The demise of the little-leaf linden

Jul 18, 2014 14:57

Once again, we have zero trees in our parkway.

This just happened within the past 15-20 minutes. I've been home about an hour, had a little lunch, then wanted to go out and check the progress of the garden. (The cherry tomatoes are coming along deliciously.) However, between lunch and garden exploring I heard large trucks in the area, and a peek outside showed two city trucks lumbering down the street. Uh-oh. This does not bode well. I went and got a picture of the linden, then went in the backyard. It was after I'd come back upstairs and was checking on the bird* that the trucks came back to our area.

Once was a dump truck, the other...hmm...a back hoe? A digger of some sort? There was a large scooper on the front and a smaller scooper on the back (I'm sure those are technical terms). I was there to witness the guy from the dump truck take a tiny chainsaw and slice through the trunk just below the branches, then give it another swipe to take of the top, leafless branches.
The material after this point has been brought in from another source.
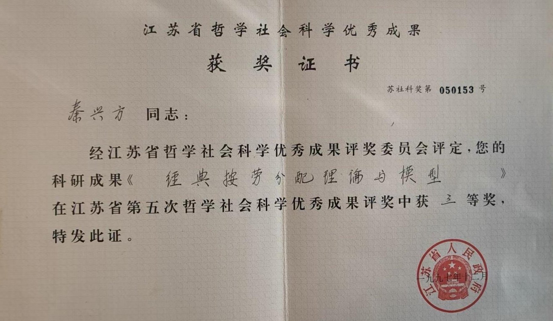 成果名称:经典按劳动分配理论与模型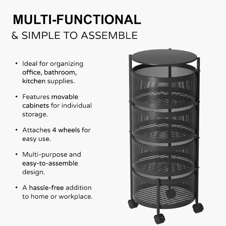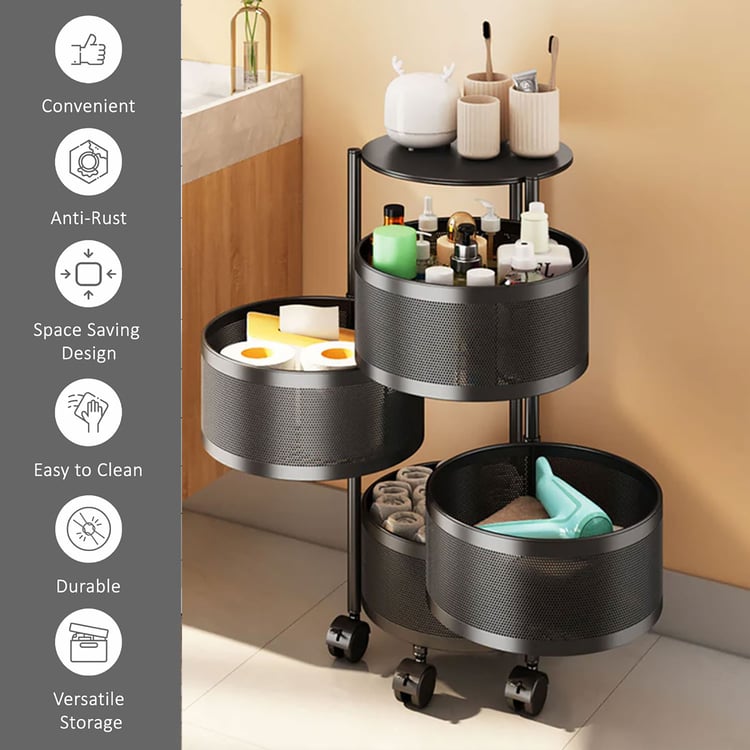 LUXE HOME Metal 4-Tier Revolving Kitchen Storage Trolley

They then attached some sort of chain to the remainder of the trunk, with the other half attached to the smaller scoop, and simply pulled it out of the ground. The skinny trunk joined its other deceased brethren in the back of the dump truck; there looked to be four in all. Poor little trees. We now have a hole in the lawn there, but a third guy came along and plopped a construction horse inside so people at least have a warning that there's a hole. Wonder what my parents will think when they get home. Also, wonder how soon we'll get the other tree. I hope it's soon. I don't like having a blank space out there...AGAIN.

*When I opened Kirby's cage upon coming home, I knocked her ladder off its normal rungs, and it was sort of askew resting on her open door. When I came back upstairs, I discovered the ladder hanging off the door. Hmm. I don't know if she'd tried to climb it and it fell, or if she moved on the door and that was enough to jar it. Amusing, whichever way you look at it.